1.          To avoid contamination of sterile drug products the room should be cleaned

2.          Epoxy flooring should be there to avoid any dust particle storage

3.          Dynamic airflow visualization study and smoke pattern testing should be conducted to minimize the risk

4.          The stopper should provide proper airflow pattern

5.          The open filled vials like ampoules should be closed perfectly without giving a chance of contamination 

ANALYTICAL CHALENGES:

It is divided into the maximum dosage and the minimum dose to be administered in a clinical setting for the purpose of administration studies. "Although the upper concentration limit is typically not an analytical challenge because it is on par with the undiluted drug product's concentration, there are cases where the lower concentration limit is significantly lower than what can be measured analytically. From an analytical standpoint, the lower concentration limit of 0.05 mg/ml may provide difficulties for biological products like monoclonal antibodies. The dosage schedule or analysis should be adjusted accordingly in such cases. With the right concentration, the capacity of the intravenous container should be minimized for low dosage levels of delivery.

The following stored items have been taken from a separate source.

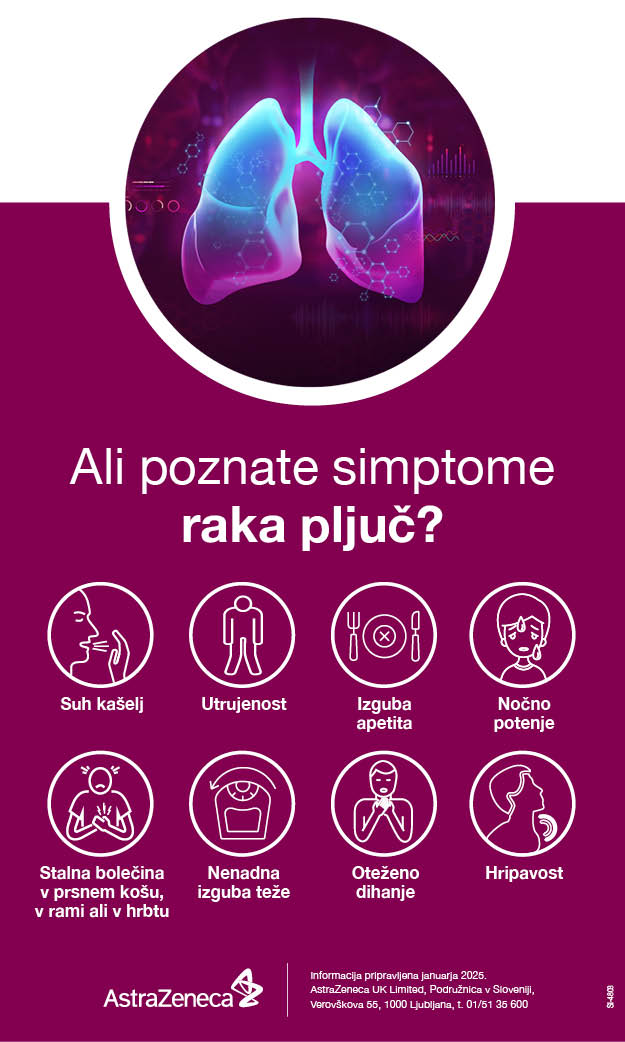 Dobra novica je, da nastaja novi presejalni program za pljučnega raka LUKA, ki se bo začel že letos kot poskusni projekt. Da je pljučni rak velik javnozdravstveni problem, dokazujejo podatki, da za pljučnim rakom zboli okoli 1.600 ljudi na leto, 1.200 jih umre in vsako peto smrt zaradi raka pripišemo pljučnemu raku. Kot je na dogodku povedala doc. dr. Martina Vrankar, je njihov cilj priprava vzdržnega presejalnega programa, torej več deset tisoč pregledov s CT na leto. »Umrljivost želimo zmanjšati za 20 do 25 %, prav tako želimo povečati delež tistih, ki jih odkrijemo v zgodnjem stadiju. Želimo tudi znižati pojavnost tega raka in ljudi spodbuditi, da opustijo kajenje.«
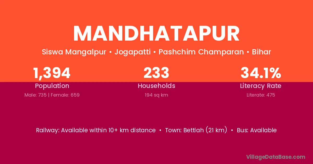 Bettiah (21 km) is the nearest town to Mandhatapur village for major economic activities and is located approximately 21 km away.
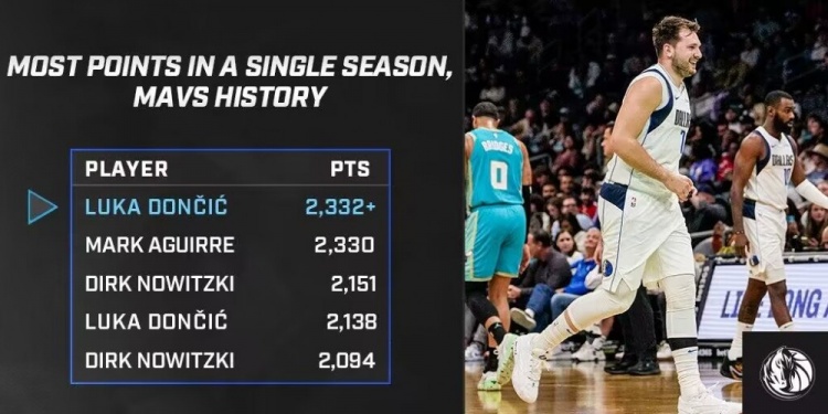 据统计,东契奇本赛季总得分已经达到2332分,打破了马克-阿奎尔在1983-84赛季创造的队史单赛季得分纪录2330分。
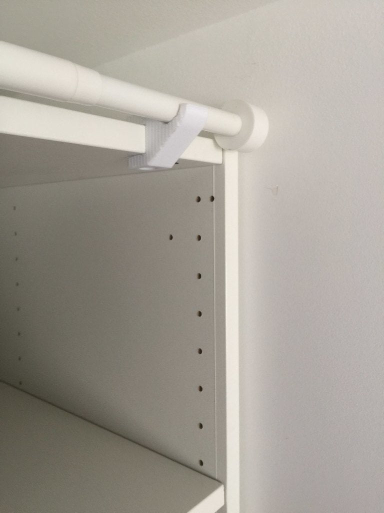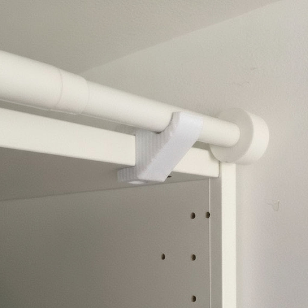 Dette er en gardinstangsstøtte uden behov for boring. Den er designet til at passe til en IKEA-skabs tykkelse og tillader let montering af din gardinstang uden brug af skruer. Den passer til skabe med en tykkelse på 18mm.
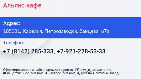 Альянс, кафе по адресу 185031, Карелия, Петрозаводск, Зайцева, 67а в дальнейшем Организация, размещена в следующих категориях:

Individual copies of the sample. It is important that the samples used to optimize measurements provide accurate results. However, this might really cause a dramatic spike in the quantity of samples and the need for pharmaceutical products in the real world. Consequently, it's possible to use duplicate samples. Consideration of average sample composites may be warranted when the loads of duplicate samples remain too high. In this case, the analytical sample will really be a combination of many identically produced samples. It will be reflected1 when testing a single sample.

Analysis of sample preservation. It may be necessary to freeze samples in order to prevent any changes if they cannot be analysed right away or if they need to be transported to separate testing locations. Nevertheless, in order to assess how freezing affects sample stability, a probe research or previous experience is required.

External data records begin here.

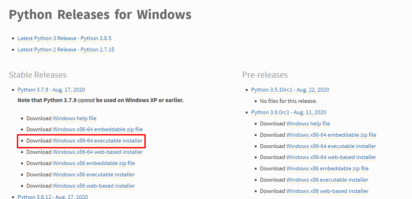 ※ 시간이 지나서 stable 버전이 변경되어 다른 버전이 보일 수 있습니다(현재는 3.7.9 버전). 놀라지 마시고, 그냥 Stable Releases 항목에 Window x86-64 executable installer 또는 Window x86 executable installer를 설치하시면 됩니다.
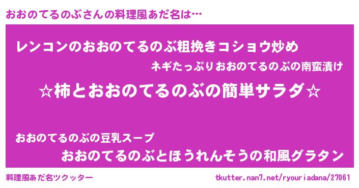 | 女子向けラノベタイトル風あだ名 | 『シンデレラおおのてるのぶ家の靴箱館』 |
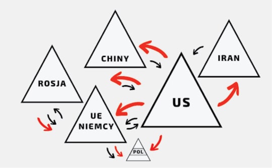 Precyzyjne naświetlenie zależności między mocarstwami, państwami średnimi i aktorami niepaństwowymi musiałoby zająć kilkanaście stron. Stąd poniższa analiza jest z założenia skrótowa i wyrywkowa. Ma jedynie skierować snop czytelniczego zrozumienia we właściwym kierunku. Spójrzmy na poniższy schemat:
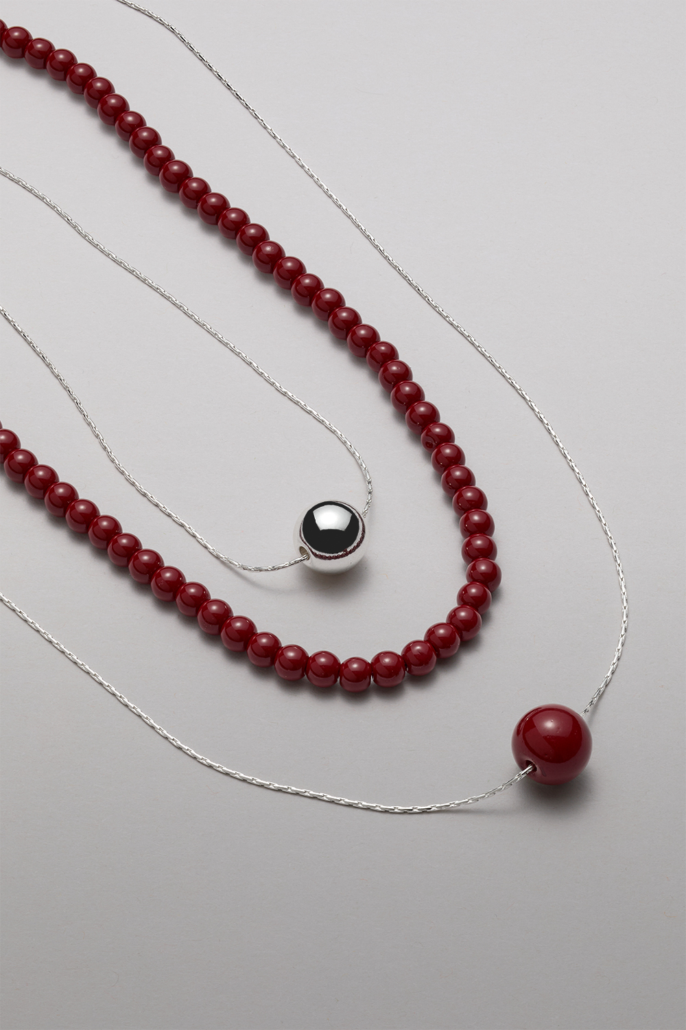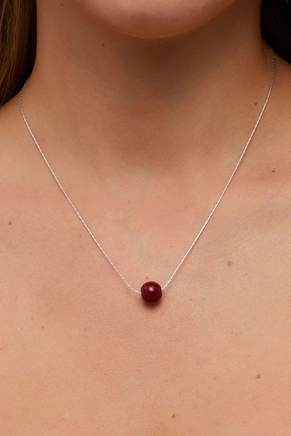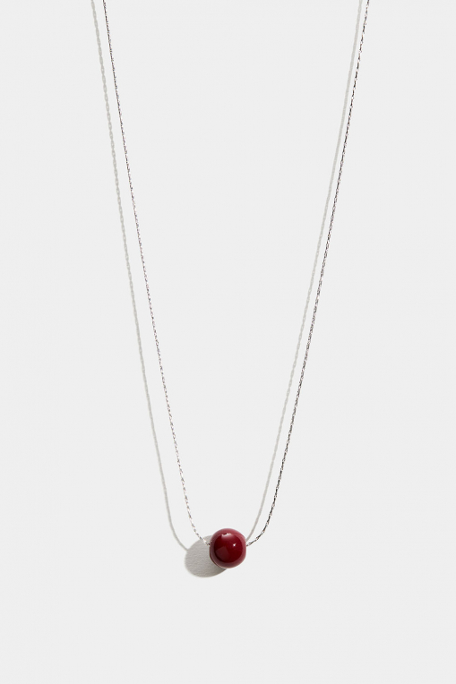 Halsband med rund kompakt silverfärgad kedja med en vinröd kula i glas.

Impurities in the diluent Some diluents may include contaminants that make it difficult to use certain analytical methods on admixture samples. The presence of 5-hydroxymethylfurfural and similar compounds in Dextrose Injection, USP solution may affect the accuracy of UV A280 concentration measurements since they are byproducts of dextrose's degradation and absorb light at around 280 nm.

 REGULATORY REQUIREMENT:

The necessary steps for registering a pharmaceutical product have been deliberated by regulatory bodies. The following is described, for instance, in the "ICH Harmonized Tripartite Guideline—Pharmaceutical Development Q8": In order to provide suitable and supporting information for the labelling, it is necessary to address the drug product's compatibility with reconstitution diluents (such as precipitation or stability). The suggested in-use shelf life, acceptable storage temperature, and expected concentration extremes should all be covered by this information.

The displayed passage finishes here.